Single vocal cord irradiation (SVCI): image-guided intensity-modulated hypofractionated radiotherapy for T1a glottic cancer: early clinical results
Menée à partir de données portant sur 30 patients atteints cancer de la glotte de stade T1 (durée médiane de suivi : 30 mois), cette étude évalue l'efficacité, du point de vue du taux de contrôle local à 2 ans, et la faisabilité de l'irradiation d'une seule corde vocale par radiothérapie hypofractionnée avec modulation d'intensité et guidage à l'aide de l'imagerie
Résumé en anglais
Purpose/objectives : This retrospective analysis of prospectively collected data reports on feasibility, outcome, toxicity, and voice-handicap index (VHI) of patients with T1a glottic cancer treated by a novel IMRT technique developed at our institution to treat only the involved vocal cord; the single vocal cord irradiation (SVCI).
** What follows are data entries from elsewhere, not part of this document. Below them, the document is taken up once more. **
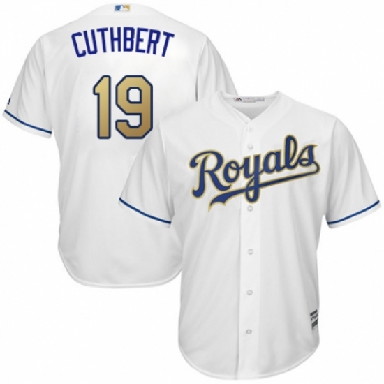 >Youth Majestic Kansas City Royals #19 Cheslor Cuthbert Authentic White Home Cool Base MLB Jersey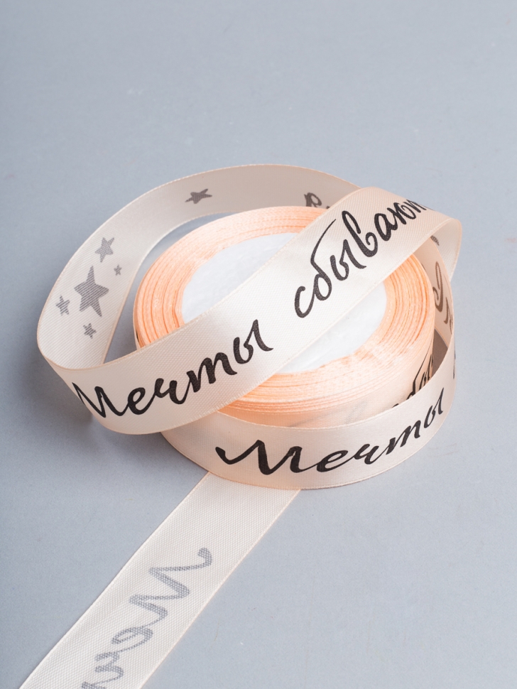 / Лента атласная 25мм х 25 ярд надпись Мечты сбываются персик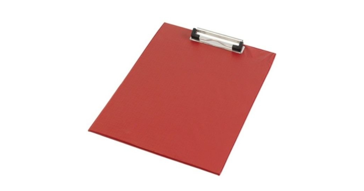 Kemény karton felírótábla, vízálló műanyag borítással, fém leszorító csipesszel.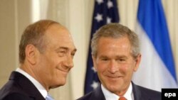 U.S. President George W. Bush (right) and Israeli Prime Minister Ehud Olmert, pictured in May (epa) July 22, 2006 -- In his weekly radio address today, President Bush said the way to end the conflict in Lebanon is to confront Hizballah and its backers, Syria and Iran. That, he said, would be the message U.S. Secretary of State Condoleezza Rice would take to the Middle East on July 23.
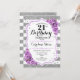 Convites aniversário de 21 anos - Rosas roxas de prata bran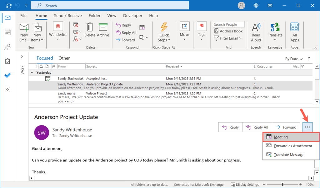 Want to create a meeting from a specific email in Outlook? Select the Other Actions button (three dots) on the message and choose Meeting.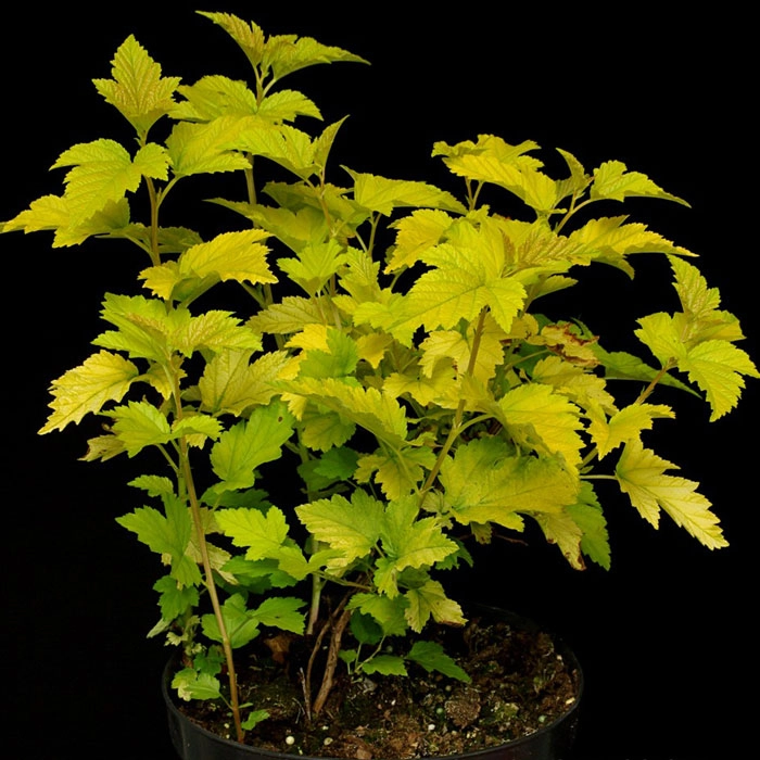 До 2,5 м, листья овальные, желтые, цветки белые или розоватые, цветет в июне-июле. Хорошая переносимость засушливого и холодного периодов. сопротивление капризам погоды, отличное здоровье, зимовка без укрытия. Калинолистный подвид для раскрытия всех своих декоративных качеств требует посадки на открытой и освещенной солнцем местности. В полутенистых и сильно затененных зонах кустарник также будет расти, однако его листва приобретет классический зеленый тон. Если это не принципиально, можно сажать и в затенении. Состав почвы должен быть таким, чтобы растение чувствовало себя комфортно и ни в чем не нуждалось.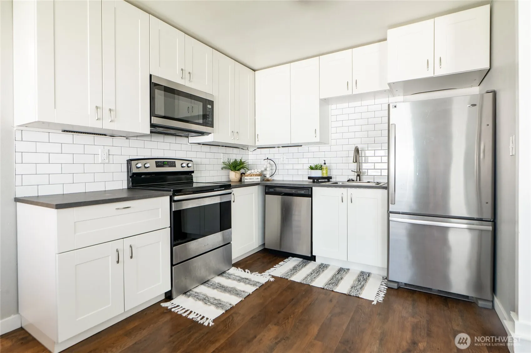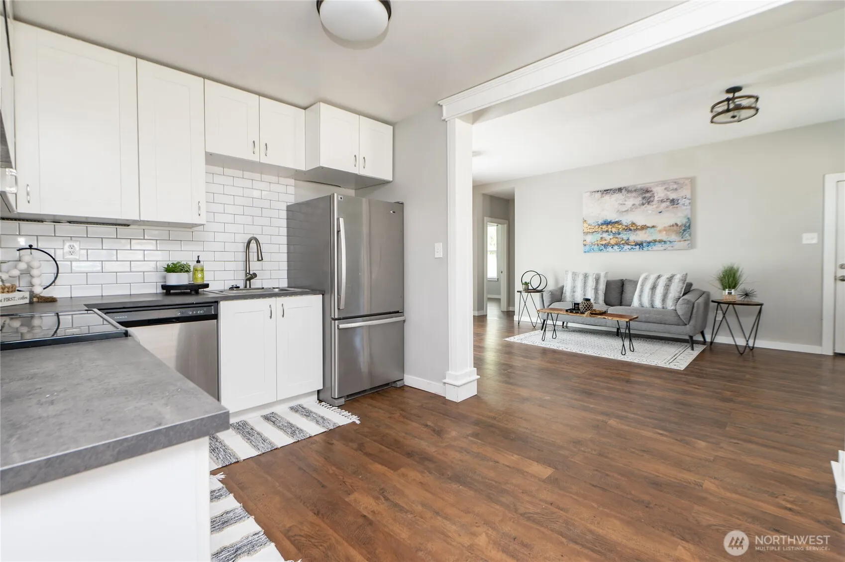 BUYER FINANCING FAILED – BACK ON MARKET DUE TO NO FAULT OF THE HOUSE. Why pay rent when you can OWN this charming home for less than the going rental rates? 2 bedroom/1.5 bath Craftsman rambler updated in 2018/2019: dreamy new kitchen with fresh & modern white cabinets, stainless steel appliances + new windows/doors/trim, roof, interior/exterior paint, laminate flooring, efficient mini split for heating & cooling, H20 tank + 9′ ceilings throughout. Room to build a garage + zoning allows for a ADU in that new garage…buyer to verify all details with the City of Blaine to their satisfaction. Don’t miss the potential in the attic for storage or…you decide! Fantastic walkable location to the waterfront, schools & bustling downtown Blaine!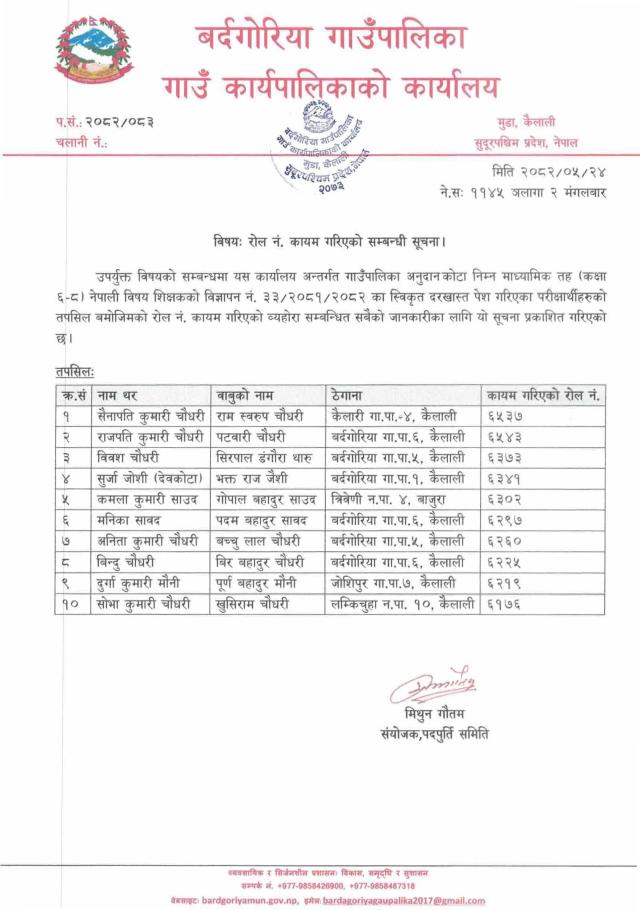 बर्दगाेरिया गाउँपालिकाकाे आधिकारिक फेसबुक पेज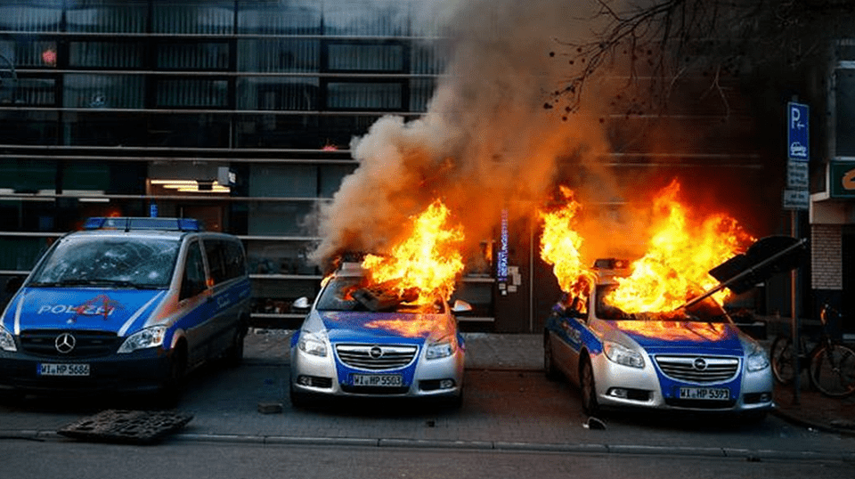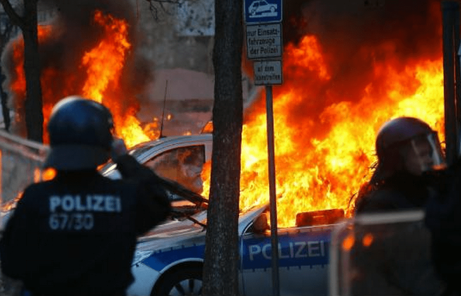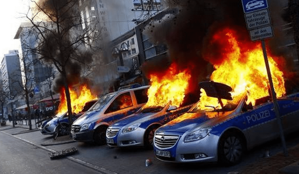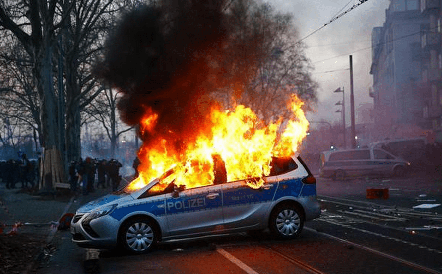As chamas arderam nesta quarta-feira (18) na cidade de Frankfurt, na Alemanha, durante o evento de inauguração da nova sede do Banco Central Europeu. Cerca de 10 mil pessoas compareceram ao evento marcado por danos à propriedade, detenções massivas e barricadas flamejantes.

Methods and Materials : Thirty patients with T1a glottic cancer were treated by means of SVCI. Dose prescription was set to 16*3.63 Gy (TD 58.08 Gy). The clinical target volume (CTV) was the entire vocal cord. Set-up verification was done by means of an online correction protocol using cone-beam CT. Data for voice quality assessment were collected prospectively at baseline, end of treatment, 4,6, and 12 weeks and 6, 12, and 18 months after treatment using VHI questionnaires.
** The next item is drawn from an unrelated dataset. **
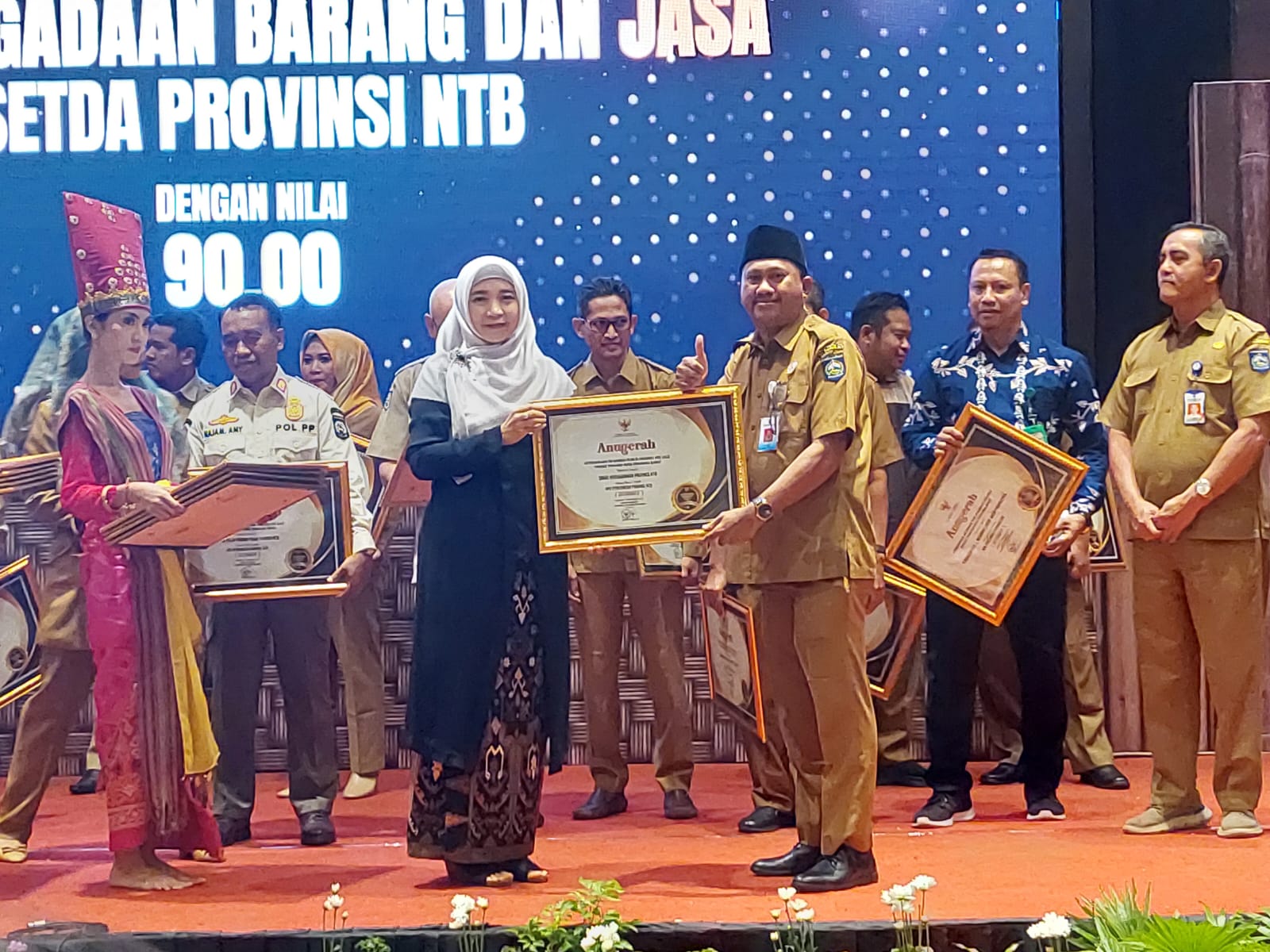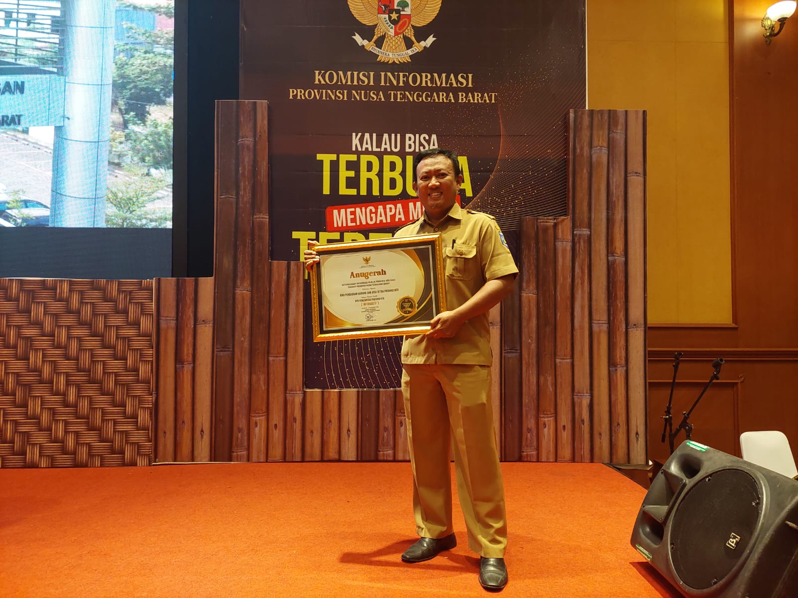 Pemberian penghargaan diserahkan langsung oleh Wagub Provinsi NTB Dr. Hj. Sitti Rohmi Djalilah kepada Kepala Biro Pengadaan Barang dan Jasa Setda Provinsi NTB Rony Yuhaeri, A.PI.,M. dan para Kepala OPD peraih penghargaan Badan Publik Informatif di Hotel Lombok Raya Mataram, Senin (19/12/2022).

Results : After a median follow-up of 30 months (range, 7-50), the 2-year local control and overall survival rates were 100% and 90% since no single local recurrence was reported and three patients died because of comorbidity. All patients have completed the intended treatment schedule; no treatment interruptions and no grade 3 acute toxicity were reported. Grade 2 acute dermatitis or dysphagia was reported in only 5 patients (17%). No serious late toxicity was reported; only one patient developed temporary grade 2 laryngeal oedema, and responded to short-course of corticosteroid. VHI improved significantly from 33.5 at baseline to 9.5 and 10 at 6-weeks and 18-months, respectively (p<0.001). The control group, treated to the whole larynx, had comparable LC-rates (92.2% vs. 100%,p=0.24), but more acute toxicity (66% vs. 17%,p<0.0001) and higher VHI-scores (23.8 and 16.7 10 at 6- and 18-mothns, respectively, p<0.001).
Conclusion : SVCI is feasible and resulted in maximal local control rate at 2 years. The deterioration in VHI-scores was slight and temporary and subsequently improved to normal level. Long-term follow-up is needed to consolidate these promising results.